What this task involves :: Among the entries below, only the lines from the one with "Симптомы Остеохондроза• Если" through the one with "一、方便、簡捷。放映舉升架平" are to be retyped, exactly and without pictures.

Given data ::

☆ ☆ ☆ ☆

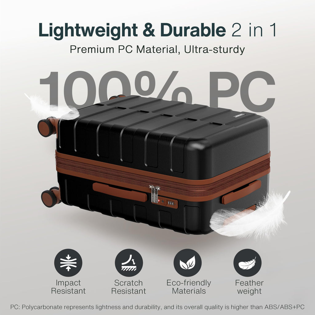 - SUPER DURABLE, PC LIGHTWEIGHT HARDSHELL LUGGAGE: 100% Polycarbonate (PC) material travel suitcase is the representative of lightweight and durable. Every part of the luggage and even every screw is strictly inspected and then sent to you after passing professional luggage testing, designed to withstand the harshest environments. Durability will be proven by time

☆ ☆ ☆ ☆

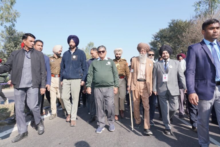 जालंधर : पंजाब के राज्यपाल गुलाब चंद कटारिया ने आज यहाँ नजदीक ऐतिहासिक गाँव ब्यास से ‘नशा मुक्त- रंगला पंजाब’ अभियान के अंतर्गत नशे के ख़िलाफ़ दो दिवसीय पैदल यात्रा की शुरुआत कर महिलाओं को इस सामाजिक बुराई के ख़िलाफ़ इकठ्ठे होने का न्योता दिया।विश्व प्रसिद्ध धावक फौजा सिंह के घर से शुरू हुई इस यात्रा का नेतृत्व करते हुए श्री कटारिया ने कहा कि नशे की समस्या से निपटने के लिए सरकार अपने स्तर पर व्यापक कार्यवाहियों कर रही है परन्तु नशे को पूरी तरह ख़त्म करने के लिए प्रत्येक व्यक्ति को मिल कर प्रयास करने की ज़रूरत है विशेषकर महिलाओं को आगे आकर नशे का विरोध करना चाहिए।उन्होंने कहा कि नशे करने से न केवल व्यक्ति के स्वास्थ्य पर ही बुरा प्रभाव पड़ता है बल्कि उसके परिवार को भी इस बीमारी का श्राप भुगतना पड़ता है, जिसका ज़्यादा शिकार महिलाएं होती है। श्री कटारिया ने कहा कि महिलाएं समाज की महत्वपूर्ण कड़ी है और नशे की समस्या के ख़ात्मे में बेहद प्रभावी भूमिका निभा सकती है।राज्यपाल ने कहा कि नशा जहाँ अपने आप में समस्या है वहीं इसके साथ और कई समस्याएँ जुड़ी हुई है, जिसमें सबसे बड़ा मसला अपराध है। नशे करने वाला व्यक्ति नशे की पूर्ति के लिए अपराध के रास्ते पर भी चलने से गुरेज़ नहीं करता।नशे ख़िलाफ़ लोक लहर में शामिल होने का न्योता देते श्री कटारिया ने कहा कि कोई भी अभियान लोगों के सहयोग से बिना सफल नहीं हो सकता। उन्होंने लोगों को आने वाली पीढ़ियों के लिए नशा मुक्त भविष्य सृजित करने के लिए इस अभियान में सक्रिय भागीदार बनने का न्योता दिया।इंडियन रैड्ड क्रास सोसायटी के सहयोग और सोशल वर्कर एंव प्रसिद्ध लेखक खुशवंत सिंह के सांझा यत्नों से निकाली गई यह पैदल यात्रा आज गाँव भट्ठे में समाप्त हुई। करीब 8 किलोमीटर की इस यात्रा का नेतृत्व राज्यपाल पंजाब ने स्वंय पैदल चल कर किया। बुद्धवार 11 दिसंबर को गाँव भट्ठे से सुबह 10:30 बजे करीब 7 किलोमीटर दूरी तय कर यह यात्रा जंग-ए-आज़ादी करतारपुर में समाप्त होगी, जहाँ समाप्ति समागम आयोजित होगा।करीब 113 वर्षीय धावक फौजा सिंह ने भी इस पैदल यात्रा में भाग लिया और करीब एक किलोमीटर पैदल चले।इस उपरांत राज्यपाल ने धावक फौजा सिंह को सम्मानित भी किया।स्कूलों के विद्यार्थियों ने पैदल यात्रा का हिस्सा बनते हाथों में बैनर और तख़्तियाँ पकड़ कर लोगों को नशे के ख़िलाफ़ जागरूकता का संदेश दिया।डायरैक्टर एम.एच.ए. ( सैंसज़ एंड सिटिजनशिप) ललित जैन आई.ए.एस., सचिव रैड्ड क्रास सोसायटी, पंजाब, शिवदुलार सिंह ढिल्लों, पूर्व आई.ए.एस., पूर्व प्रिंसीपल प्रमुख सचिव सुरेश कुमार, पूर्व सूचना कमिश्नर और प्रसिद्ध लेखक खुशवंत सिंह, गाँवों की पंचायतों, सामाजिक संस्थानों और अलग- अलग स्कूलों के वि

☆ ☆ ☆ ☆

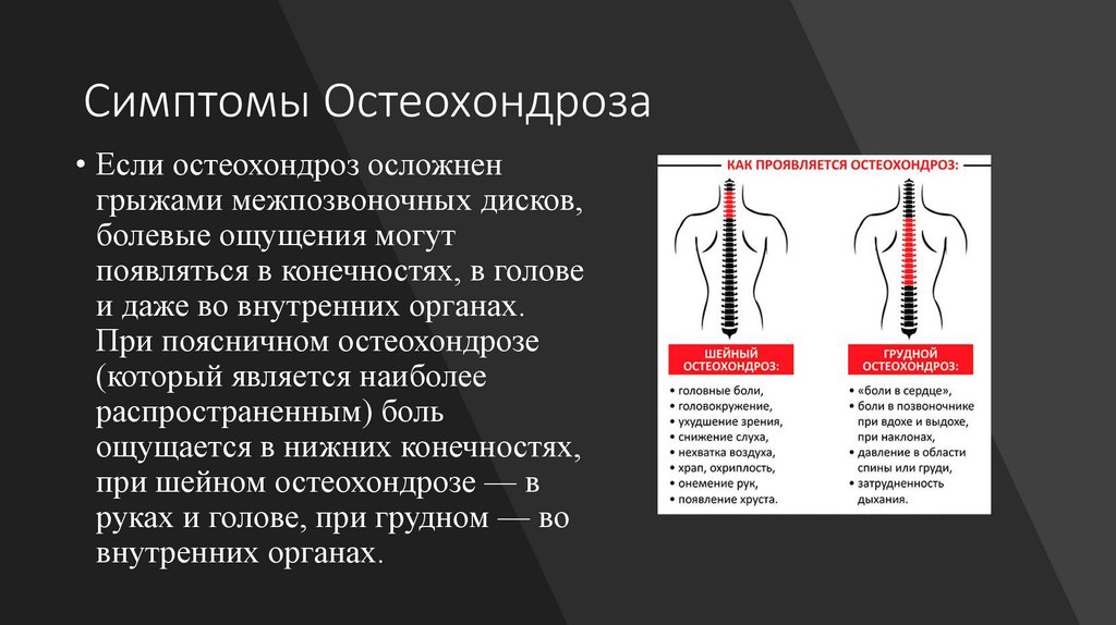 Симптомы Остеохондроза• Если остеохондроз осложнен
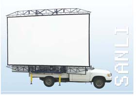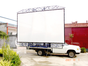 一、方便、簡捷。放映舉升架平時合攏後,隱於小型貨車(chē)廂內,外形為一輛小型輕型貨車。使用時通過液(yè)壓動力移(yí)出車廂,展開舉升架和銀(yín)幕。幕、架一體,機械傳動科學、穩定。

☆ ☆ ☆ ☆

Reply ::
 Симптомы Остеохондроза• Если остеохондроз осложнен
 一、方便、簡捷。放映舉升架平時合攏後,隱於小型貨車(chē)廂內,外形為一輛小型輕型貨車。使用時通過液(yè)壓動力移(yí)出車廂,展開舉升架和銀(yín)幕。幕、架一體,機械傳動科學、穩定。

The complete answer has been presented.